TIRA-DÚVIDAS DO LEITO
“Dia nublado precisa de protetor?”
Precisa. O calor pode diminuir, mas a radiação UV pode continuar forte. E o risco aumenta porque a gente fica mais tempo exposto sem perceber
“Qual FPS é suficiente?”
Para a rotina, o importante é escolher um protetor adequado para sua pele, usar uma quantidade boa e reaplicar. No geral, FPS 30 ou maior costuma ser uma referência segura para o dia a dia, desde que bem aplicado.
“Resistente à água dura o dia todo?”
Não. “Resistente” não significa “eterno”. Água, suor e atrito reduzem a proteção. Por isso a reaplicação é necessária.
“Pele morena ou negra precisa?”
Precisa. A melanina oferece alguma proteção, mas não impede manchas, envelhecimento e não elimina risco de câncer de pele. Proteção é para todos.
“Quais sinais são de alerta para procurar dermatologista?”
Pinta que muda de cor, forma ou tamanho; ferida que não cicatriza; lesão que sangra com facilidade; mancha nova que cresce ou incomoda. Se algo está diferente do seu padrão, vale avaliar.
MITOS DE VERÃO SEM EVIDÊNCIA (E QUE PODEM FAZER MAL)

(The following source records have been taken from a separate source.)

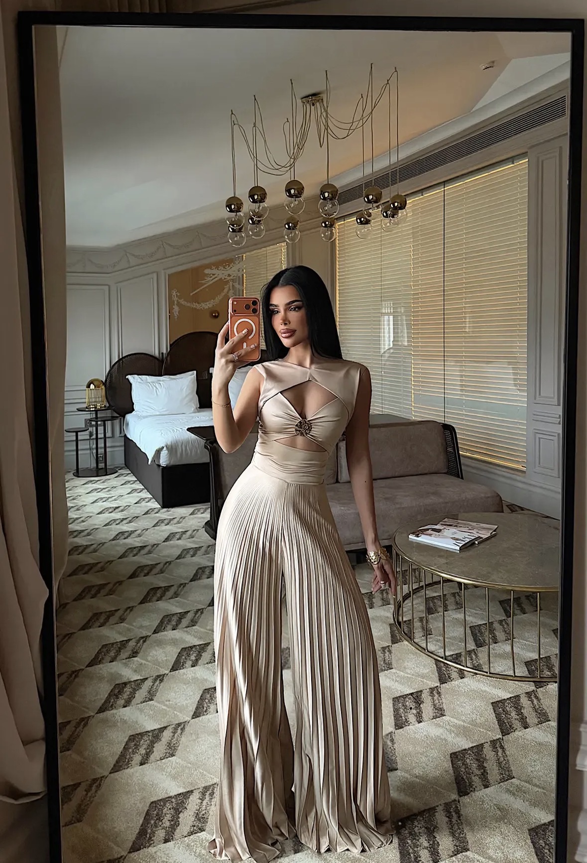 Elegancki kombinezon damski z wycięciami | Roma|– beżowy wyszczuplający i niegniotący się
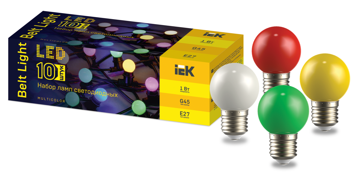 Белт-лайт Набор ламп светодиодных декоративных G45 шар 1Вт 230В MIX E27 10 шт IEK ЗАКАЗ
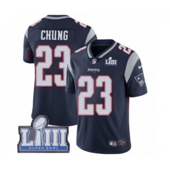 >Men's Nike New England Patriots #23 Patrick Chung Navy Blue Team Color Vapor Untouchable Limited Player Super Bowl LIII Bound NFL Jersey
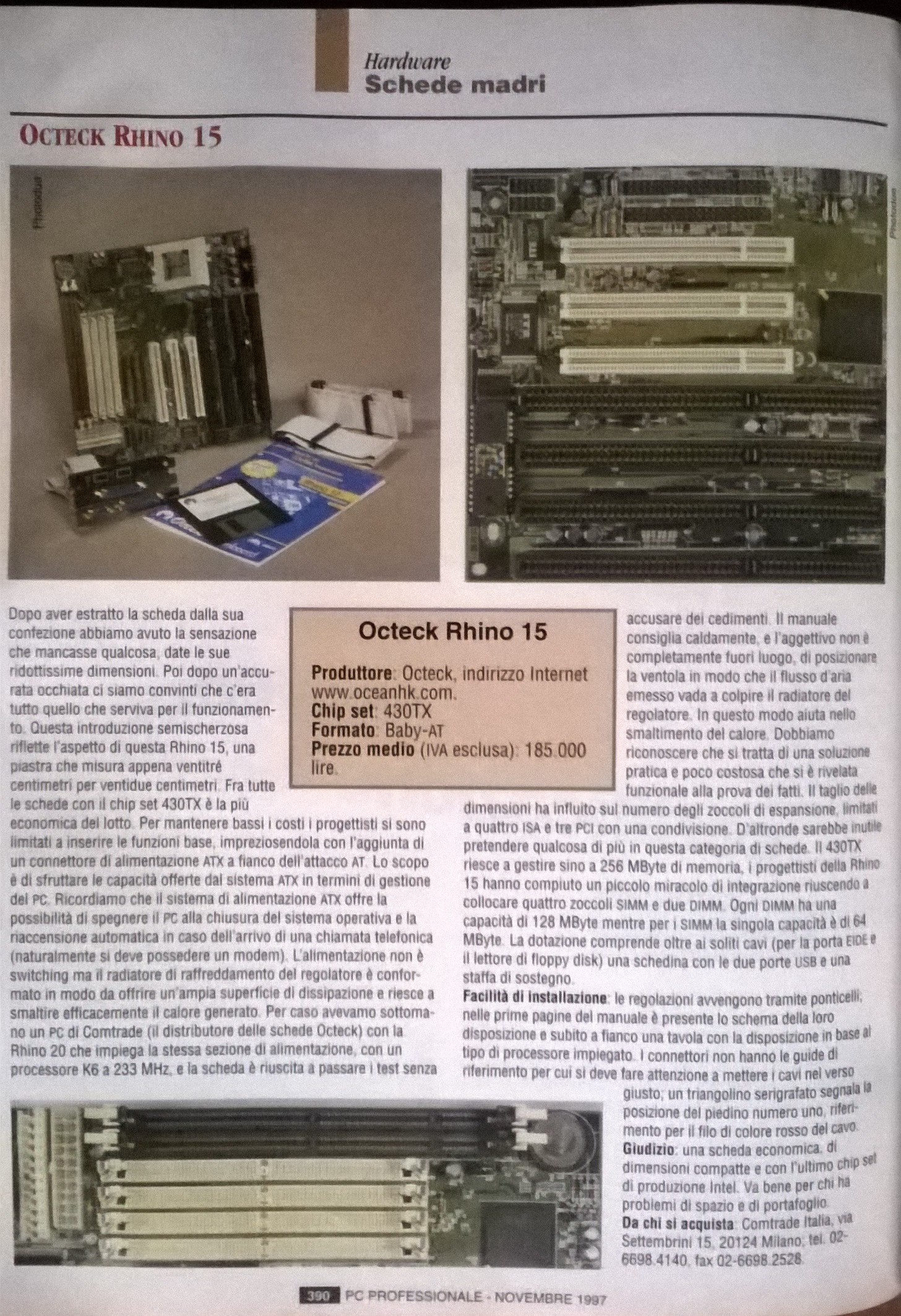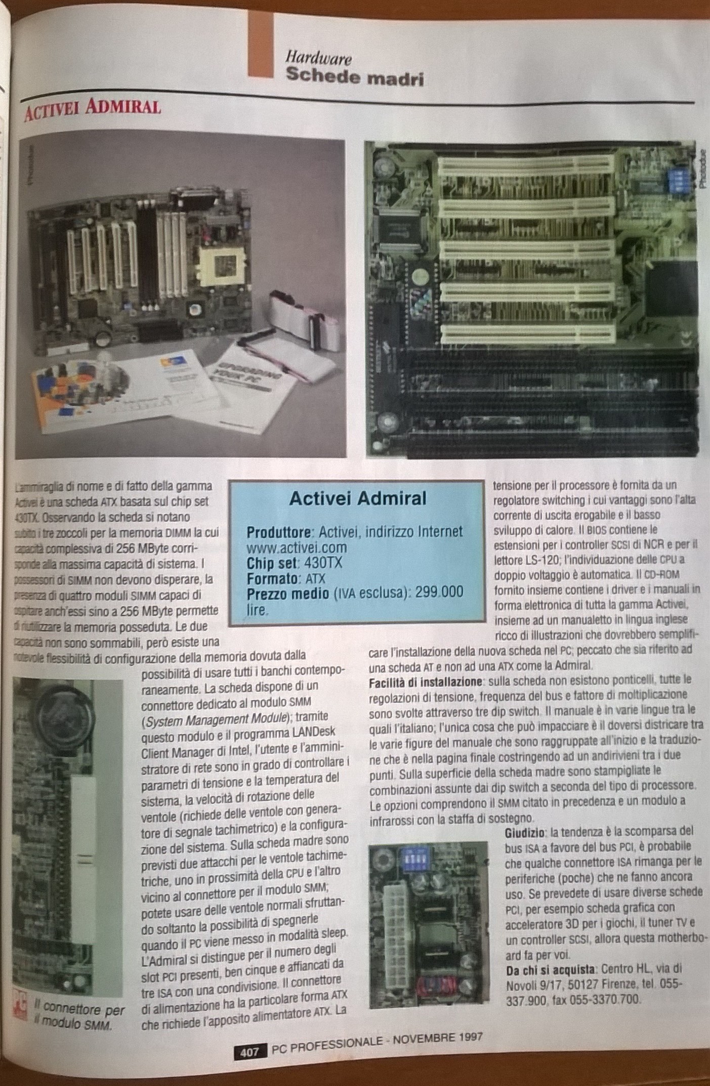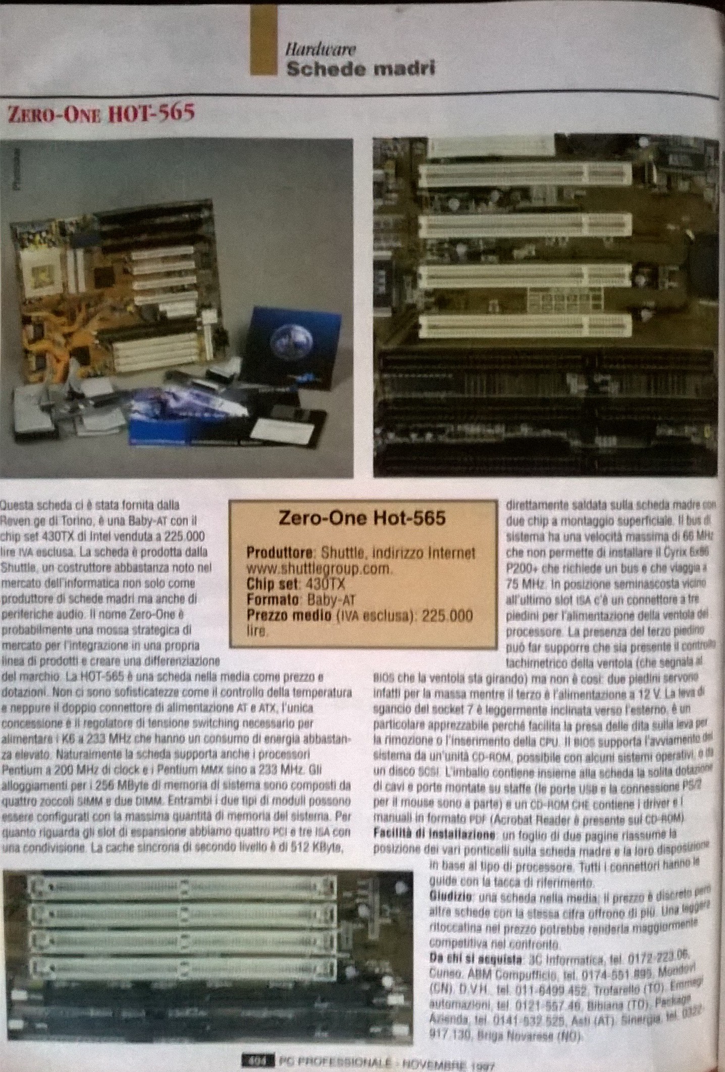 Prego, in verità piacciono molto anche a me, e di quelle vecchie riviste ne ho ancora da recuperare parecchie, alcune sono forse più vecchie, comunque solitamente le prove che facevano, erano di PC completi, ecco in quel caso era difficile trovare delle foto della scheda madre, al limite c'era una foto del PC aperto, ma se aveva parecchie schede installate, non è che si potesse vedere molto.
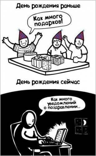 | День Рождения раньше - как много подарков! Сейчас - как много уведомлений поздравлений. | |
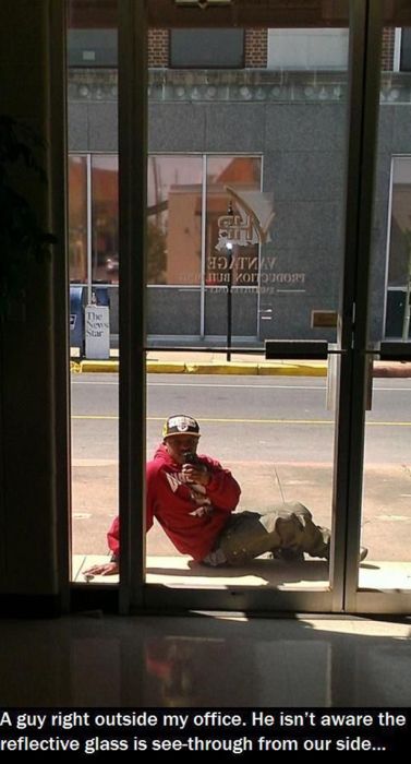 האדם שישב על המדרכה והחל לצלם את עצמו על המראה מבלי לדעת שזו מראה חד צדדית
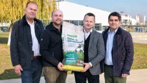 Die Übergabe des Saatguts fand im Florian Berndl Bad gemeinsam mit dem Korneuburger Bürgermeister Christian Gepp, seinem Amtskollegen Johannes Stuttner aus Bisamberg, Bad-Geschäftsführer Ulf Seifert sowie Andreas Haas, Abteilungsleiter Saatgut Consumer Products der RWA Raiffeisen Ware Austria, statt.
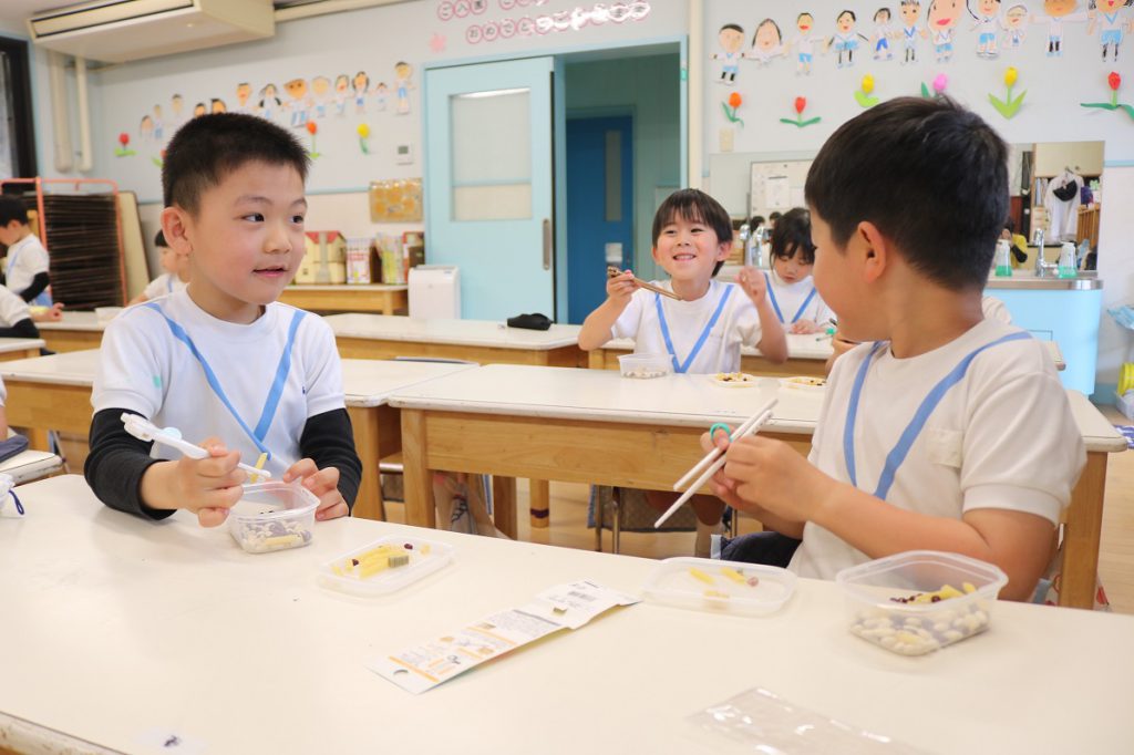 年長なでしこ組では豆つかみをしていました
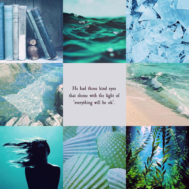 Reides has blue skin and long green hair that is always out loose and in an unkempt state. As he is a triton, he has prominent gills on either side of his neck and visible scales on his shoulders. He has finned ears and his hands and feet are webbed. His eyes are golden-green in colour and have black sclera. Standing at roughly 5ft, he is of average height for a triton and has a small build.Reides enjoys collecting random trinkets and occasionally incorporates them into his ensemble (making accessories out of them and the like). Currently, he wears a shark tooth choker and two necklaces - one made out of shells and, the other, a gold chain. He also wears shell earrings on both of his ears and has a star navel piercing. Clothes-wise, Reides has a tendency to get hot very quickly, as his body is more accustomed to a cold undersea environment. To make up for this, he tends to wear loose clothes that allow him to stay cool while he travels around the surface world. While Reides wears a few pieces of shell armor, they're mostly for cosmetic reasons rather than serving any protective function. After all, that's what Mage Armor's for!visual references for reides can be found over here.
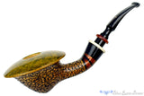 It only takes a brief glance to recognize that this handmade from American carving artist, Joseph Skoda, is a something different. We've been looking at it for over a week since it arrived and every time our eyes fall upon it, another detail stands out. The rim is smooth and obviously very wide, but the color has a mossy tone that is a compliment to the richer brown underneath. Joseph uses a proprietary Gecko finish by carving the smooth briar with a special tool that creates this craggy and tactile effect, as if an oasis has formed over a stretch of dried earth. Trimmed with acrylic, oval shank inserts are wedge shaped producing an exaggeration of a higher degree of bend, all composed with a ring of ivorite and another on the stem, like a rhythmic procession forcing the eye back and forth along the pipe. Even the very thin bead around the rim is superbly articulated making this an awe inspiring smoker that isn't just gorgeous, but made to be a favorite when both in use and on display.
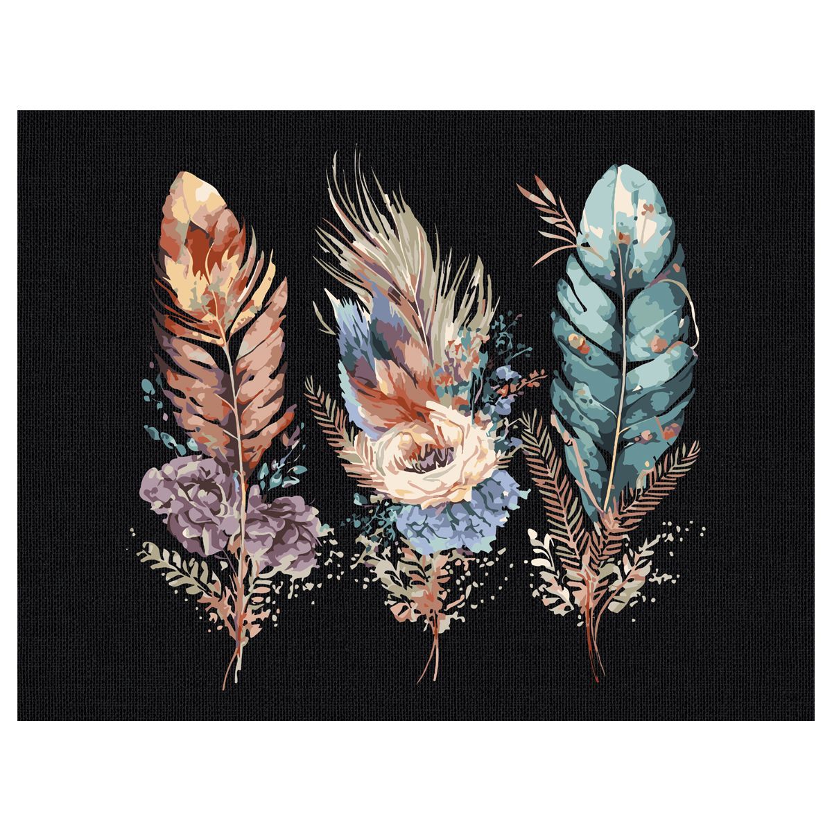 Картина по номерам на черном холсте ТРИ СОВЫ "Легкость пера", 30*40, c акриловыми красками и кистями

“Óleo bronzeador protege.”
Não protege como protetor solar e pode aumentar a radiação recebida. Se a ideia é segurança, o caminho é protetor + barreira física + sombra.
“Passar limão, pasta de dente, refrigerante ou ‘receitas caseiras’ melhora queimadura.”
Não melhora e pode irritar mais a pele. Queimadura solar é lesão: precisa de cuidado adequado. Se for intensa, procure orientação.
“Se não queimou, não fez mal.”
Fez, sim. Existe dano cumulativo mesmo sem vermelhidão evidente, especialmente quando a exposição é repetida.
“Qualquer óculos escuro protege.”
Óculos escuros sem proteção UV podem ser enganosos. O ideal é lente com proteção UV.
O “SEGREDO” PARA CURTIR O VERÃO COM TRANQUILIDADE
Não é neurose. É rotina simples: sombra sempre que der, barreira física (camisa, chapéu, óculos) e protetor solar como hábito diário, com reaplicação quando necessário. A pele não é só um “cartão de visita”. É um órgão que te protege o tempo inteiro — e o verão é o teste de estresse dela.